Repo Chick (2009)

Rating: D-

Dir: Alex Cox
Star: Jaclyn Jonet, Miguel Sandoval, Del Zamora, Chloe Webb

Dear God, this is awful. It’s only extremely loosely connected to Repo Man, not least because Universal and Cox both own the rights, and neither can make a sequel without the other’s permission: this got the director a cease and desist, which he ignored. More’s the pity, unfortunately, because this is like listening to 90 minutes of Occupy Wherever shrieking: mean-spirited class-war propaganda, without a single likeable or even plausible character. It’s the last issue where it is most obviously distinct from its predecessor, which was full of endearing oddballs. Here, instead of Emilio Estevez, you get Jonet, playing Pixxi De La Chasse, a waste of space heiress who is disinherited, and forced to get a job – which ends up being in repossession, the only growth industry. She sets her sights on a missing train, but when she finds it, discovers it has already been hijacked by a group of ecoterrorists whose main goal is to ban golf. Can she get the train back, reconciile with her family and save Los Angeles [not necessarily in that order].

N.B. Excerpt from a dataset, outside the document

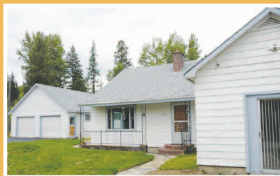
FLOWER CREEK FRONTAGE in this large 4 bdrm, 2.5 ba home with a living room, family room and huge laundry room. Sitting on 1.5 acres right in the city with a huge yard, oversized attached garage, storage shed and Flower Creek in the backyard. Possible Terms. $177,000

Unfolding largely in front of green screens, with occasional, deliberately poor model-work thrown it, this feels like the kind of thing a politically-conscious 14-year-old would make, with special effects by a younger sibling. It wears its welcome out incredibly fast, and does precious little to redeem itself the rest of the way. It’s clear what Cox is trying to do: make a scathing, absurdist satire of modern culture, its obsessions with empty fame and style over substance. Except, the entire movie becomes exactly that. It turns into an object exercise in flogging a cinematic dead horse: absurdist, certainly, but never achieves the slightest degree of significant bite on its target, mostly because they’re neither too obvious and easy to merit anyone’s serious attention. Apparently, Cox had dropped off the grid and was living somewhere on an Oregon farm. Seems like any talent he had dropped off the grid rather more successfully.